Frank dabs his pencil on his tongue and flips to a fresh page on his notepad. “What’ll it be then? More grilled chicken?”
“I’m not really hungry,” I say. “You mind if I just hang?”
“Sorry, kid. You know the rules. No loitering.” He nods to a broom leaning against the wall. “But if you’re workin’, that’s different.…”
I push some stray pizza crusts around on the sidewalk for a while, thinking about Jay. About how our destinies were always joined. But now I’m stuck here, disqualified, and he’s racing off to fame and glory without me.
Just when I feel like I’ve hit rock bottom, my brother comes oozing up the sidewalk. It’s weird to see him without his phone in his han
d, like an action figure without its weapon. “What are you doing?” he says.
“Oh hey,” I say, pretending I just saw him. “Forgot to tell you. Kylie Jenner called last night. She wants her haircut back.”
“Very funny.”
“What do you want, Franny?”
“I’ve been looking for you.”
“Well congrats. You cracked the case.”
“We need to talk.”
“Go ahead. It’s a free country.”
He looks both ways, like we’re being watched, then says, “I think I found a way to fix this for you.”
I set the broom against the brick wall, dust my hands. “Fix what?”

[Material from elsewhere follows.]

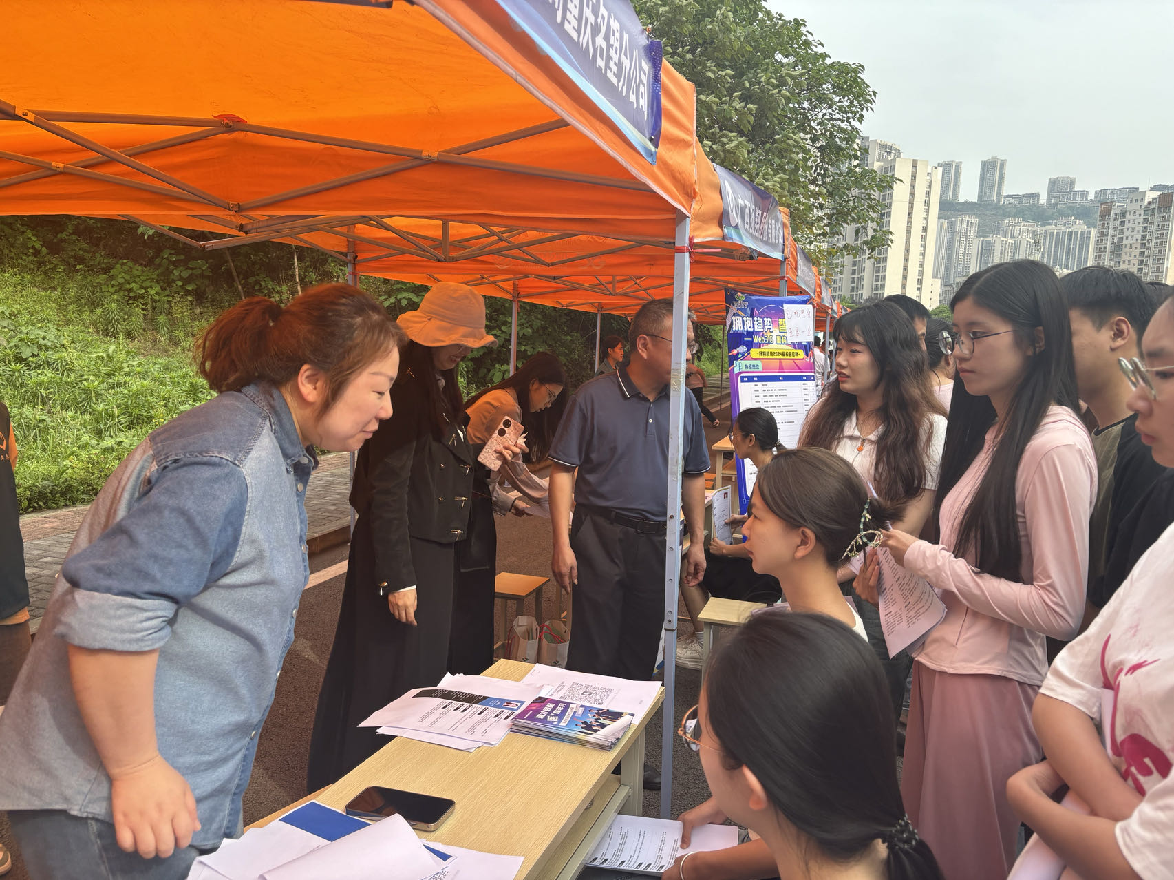 招聘会现场热闹有序。招聘单位通过发放宣传资料、面对面交流、建立微信群等方式向学生介绍公司的概况、职业发展方向、人员需求等。毕业生拿着简历穿梭于各个企业的招聘摊位,就用工需求、薪酬待遇等问题与用人单位深入沟通与交流。

He leans away from the fly-swarmed trash bins and pinches his nose. “It’s nasty out here. Meet me at my office in an hour.”
I’d roll my eyes—
But it’s too hot, and he’s not worth the effort.
* * *
Franny’s “office” is just a corner of his bedroom. On the walls he’s taped up replicas of all the awards he plans to win someday—the Nobel Peace Prize is the centerpiece. His feet are up on his trash-picked IKEA desk, big toe sticking out of a hole in his sock.

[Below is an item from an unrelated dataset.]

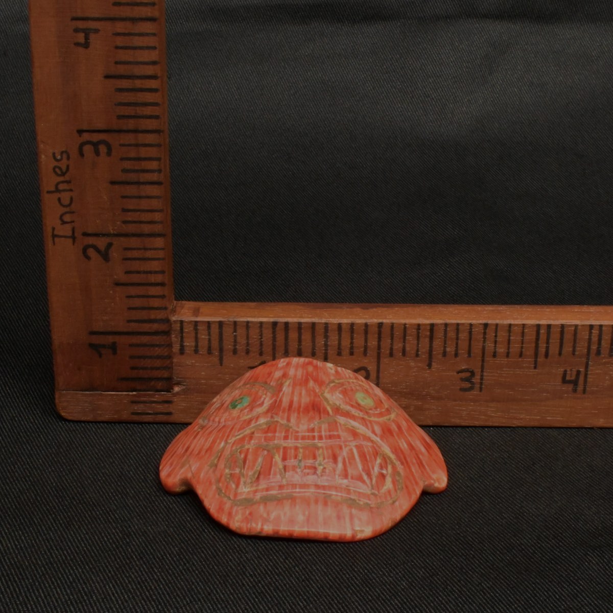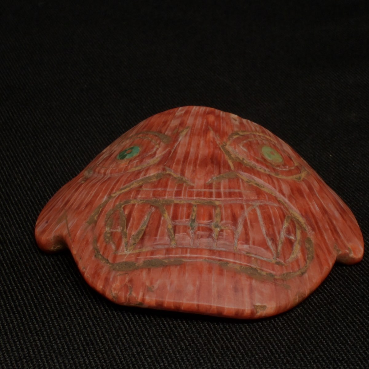 precolonbino de espondilus del mar Moche esta mascara cuenta con barios detalles como sus rostro que tiene unos dientes felinos una naris y ofos enormes con piedra turquesa en el sentro del ojo ademas en los cantos de la parte de ariba cuenta con dos abujeros que son nesesarios para cologar alguna cuarda este espondiloses de color anaranjado fue usado en seremonias y rituales ademas es perfecta para la decorasion o la colecsion no te lo pierdas

“Listen,” I say in the doorway. “I don’t know what you’re up to. I honestly don’t care. But can you just… do it quickly?”
He opens his laptop and types his super-long password. The only folder on the desktop says TOP SECRET. Which, to me, seems like a dumb thing to label a top secret folder. Inside the folder are dozens of video files, documents, and spreadsheets.
He’s been hard at work on something.
He says, “Did you ever go back and read those terms and conditions?”
“What terms and conditions?”
“On your sign-up sheet. For the race.”
“Of course not. Why would I?”
He sighs. “This generation—ugh. Nobody reads anymore.”
I grit my teeth to keep from smacking him.
He pedal-wheels his chair across the carpet—pausing briefly to untangle some dirty socks from the wheels—and closes the door. Like we’re having some kind of secret meeting. Like we—me and him—are a team.